Govindarajan did her undergraduate degree (B.Tech.) in chemical engineering from IIT Delhi in 1984. She got her master’s degree (M.S.) in chemical engineering, from Drexel UniversityPhiladelphia, United States in 1986. Her doctoral degree (Ph.D) thesis was on the subject of aerospace engineering from the Indian Institute of Science Bangalore in 1994. She worked in post-doctoral research in the Deptartment of Aeronautics at Caltech in 1994.


Govindarajan started her career as scientist in the Computational and Theoretical fluid dynamics division of National Aerospace Laboratories, Bangalore, and worked there for a decade from 1988 to 1998. She became a faculty member at the Jawaharlal Nehru Center for Advanced Scientific Research and worked in that position between 1998 and 2012. From 2012 to 2016, she was a professor at the TIFR Centre for Interdisciplinary Sciences.
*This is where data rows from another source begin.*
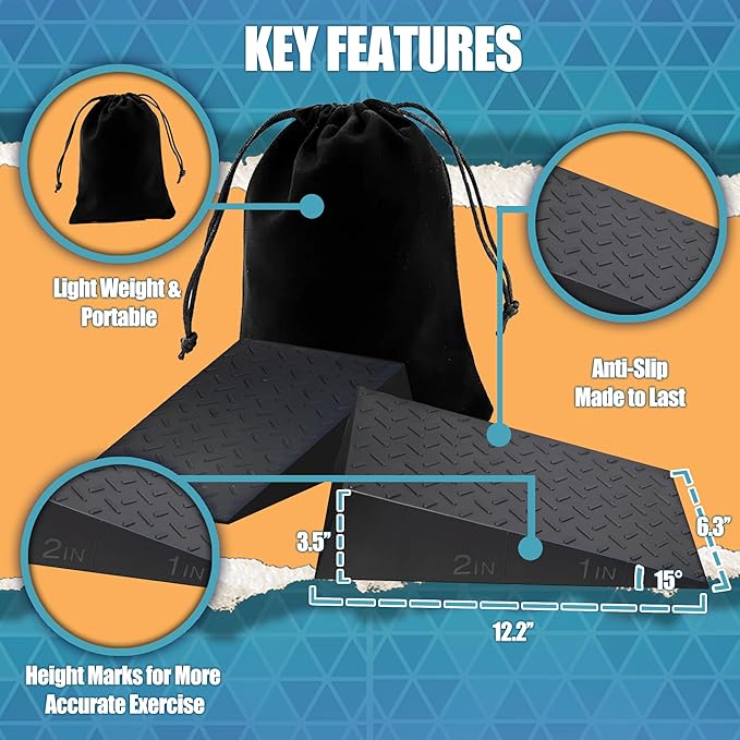- Essential Features: Made with a non-slip textured surface, the foot wedge ensures stability during heavy lifts. 2 Height Marks for more accurate workout. Its lightweight design allows for easy to carry, while its high weight capacity supports intense training sessions. Plus, it comes with a carry bag for convenience
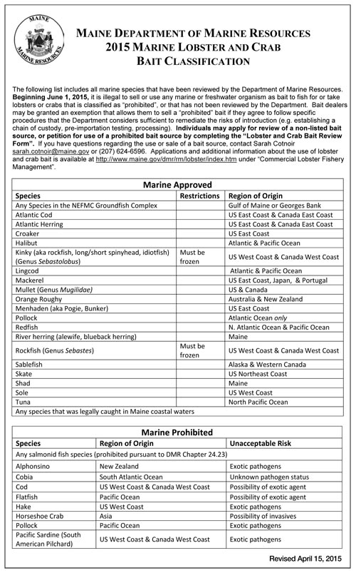 12 MRSA 6432-A Bait bill, passed during the second session of the 125th Legislature, gives the Maine DMR authority to review and prohibit the use of any freshwater or marine organism as lobster and crab bait that poses an unacceptable risk to the marine environment and consumers. The Legislature deemed this law necessary in response to increased use of non-historic baits that could potentially introduce diseases and pests into Maine’s coastal waters causing significant harm to aquatic populations and/or the public.
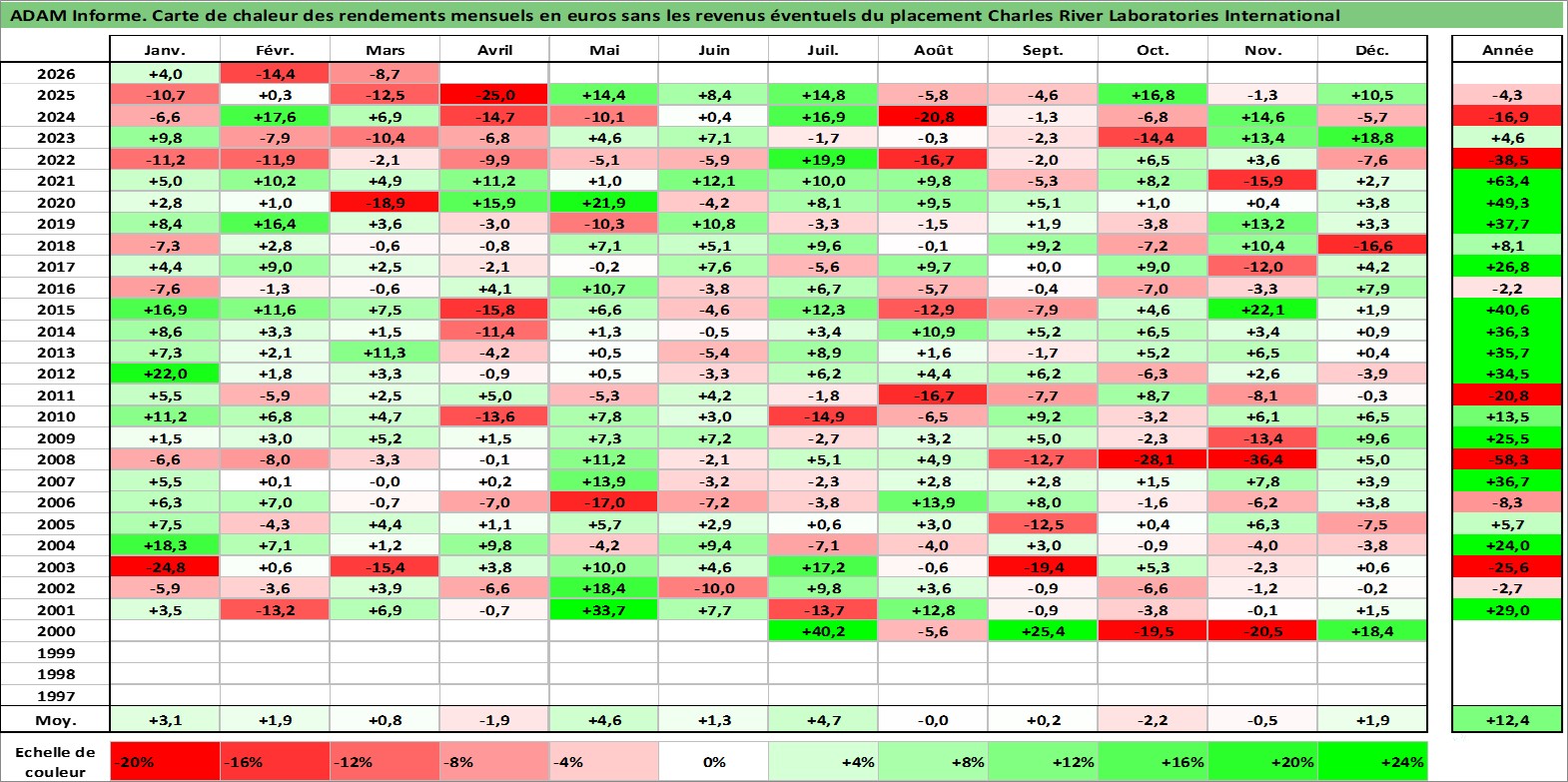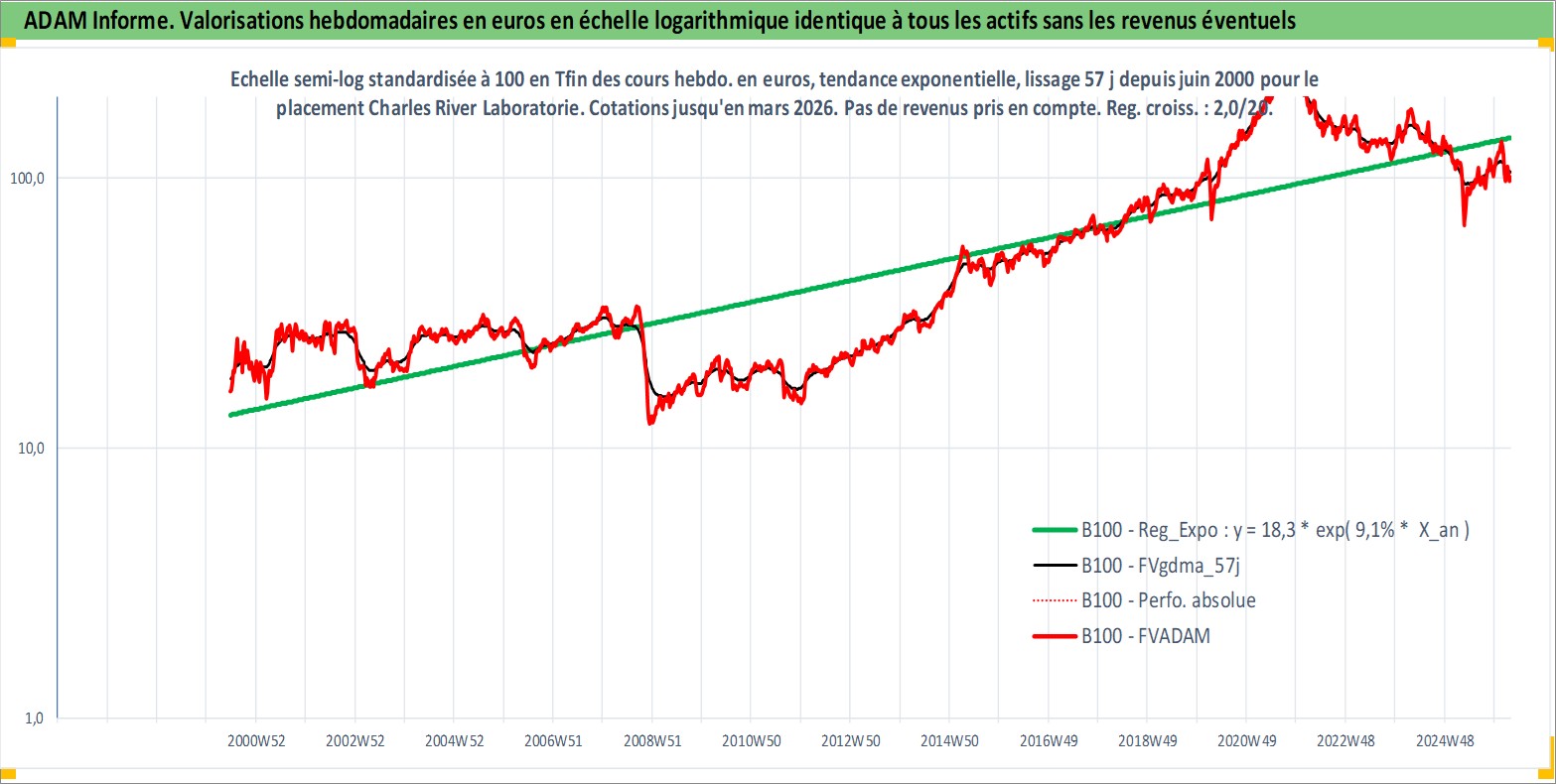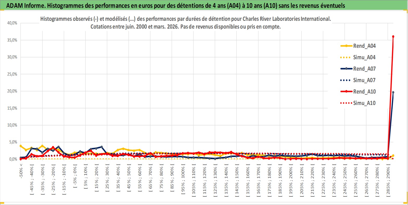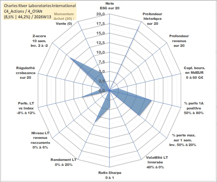 Site dédié aux investisseursPage dédiée sur site financeAnalyse des valorisations hebdomadaires de l'action Charles River Laboratories International. Cet actif est cote en USD. Les valorisations sont en contrevaleur EURO et couvrent les semaines 2000W25 a 2026W13. Les revenus de cet actif financier ne sont pas connus car non existants ou non disponibles sur le site Yahoo Finance. La note ESG de cet actif n'est pas connue.
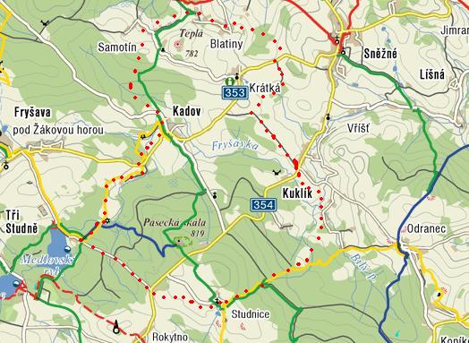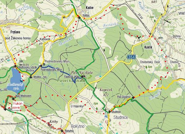 Trasa: Studnice – Chobot – Kuklík – Kadov – Medlov – Yukon – U Martina – Studnice
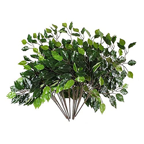 SHIHUALINE - فروع صناعية لنبات التين البنجاميني تحوي الأوراق الخضراء من شيهولين، إكليل نبات أخضر صناعي للمنزل والمكتب وديكور الشرفة والأماكن الداخلية والخارجية، 12 فرع
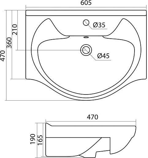 - Одно отверстие под смеситель.
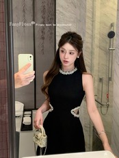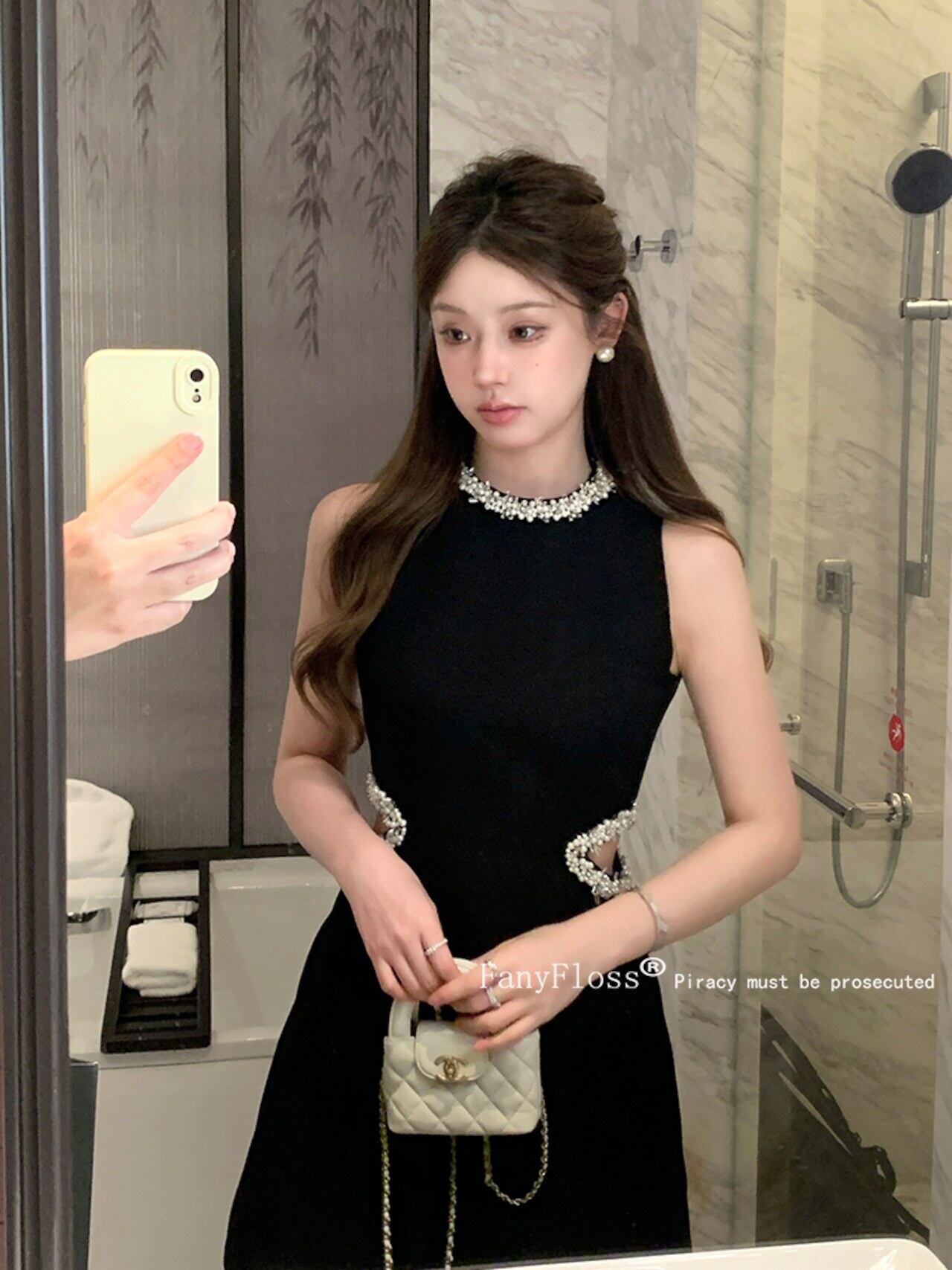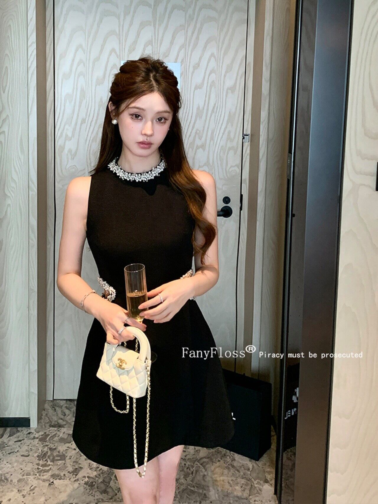 【高見え×美シルエット】ビジュー付きノースリーブワンピース ブラックドレス ミニワンピース ワンピース ドレス ノースリーブ レディース 上品 キラキラパールデザイン パーティー デート 二次会 結婚式 キャバドレス フレアドレス フォーマル きれいめ 20代 30代 40代 C501

She has published a large number of technical papers in her field of specialization of fluid physics and has also published a few books. Her main research interests relate to instability and transition to turbulence of shear flows, physics of interfacial flows.


Of the many awards that she has received so far, the most notable is the Shanti Swarup Bhatnagar Award for the year 2007 for her “original contributions to the understanding of instabilities in shear and non-parallel flows, flow entrainment, turbulent transition and small-scale hydraulic jumps”. She was also awarded with the Young Scientist award of 1987 and Outstanding Scientist award of 1996 given by the National Aerospace Laboratories. She received the CNR Rao Oration award of 2004 at JNCASR Bangalore.

Ravi Grover

Ravi B. Grover is an Indian nuclear scientist and a mechanical engineer. He is the founding vice chancellor (during initial years he was designated as director equivalent to vice chancellor) of the Homi Bhabha National Institute, a member of the Atomic Energy Commission,  a fellow of the Indian National Academy of Engineering, and World Academy of Art and Science. He was the president of the Indian Society of Heat and Mass Transfer for the period 2010–2013. He has been awarded Padma Shri by Government of India in the year 2014.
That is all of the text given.